周旻繃著張臉,一板一眼地說:“吳娘子!請您如實告知,院子底下是不是地窖,也好讓我們下手有個分寸。”
吳姝放下手中的筆,邊收拾桌上的冊子邊輕悠悠地說:“你若不是怕我,幹嘛叫宋青上來跟我說。還有,離我這麼遠說話,是怕我吃了你嗎?”
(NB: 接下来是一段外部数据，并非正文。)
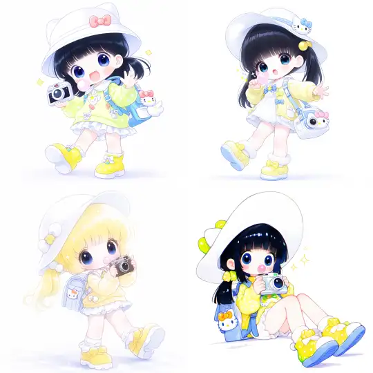 Midjourney Bot 更新时间:2025-01-03 00:21A cute little girl with a side ponytail, a white Hello Kitty hat, big eyes, blue eyes, sparkling, wearing a light yellow cartoon sweater, a light blue suspender, blowing bubble gum in her mouth, carrying a backpack, holding a Hello Kitty camera, wearing light yellow shoes, standing on a pure white background, dynamic posture, dynamic angle, subculture style, close-up, --niji 6 --ar 1:1 --style raw --s 800 --p ngwfcav

吳姝拋了一個洞悉一切的眼神,嘴角卻勾起嘲弄的笑意,這讓周旻想起那晚的一幕,臉騰的一下熱了起來,就好似此刻他也是光身裸~體。
吳姝:“不用怕,我對你不感興趣。”
周旻:“我們已告知娘子異狀,儘管以後會注意,但不保證百分百,若有其他不可測而娘子沒有告知的意外,我們概不負責,這不在契約的擬定範圍,望周知!”
周旻說完,直接轉身走人,再也不看吳姝一眼,乾脆利落。
身後卻傳來吳姝淡淡的聲音:“你們挖你們的吧,不礙事,也不會有什麼意外。”
“艹!”周旻在心裡狠狠地罵了一句。他停了下來,雙手在身側攥緊了又鬆開,往復幾次,才腳步沉沉地下了樓。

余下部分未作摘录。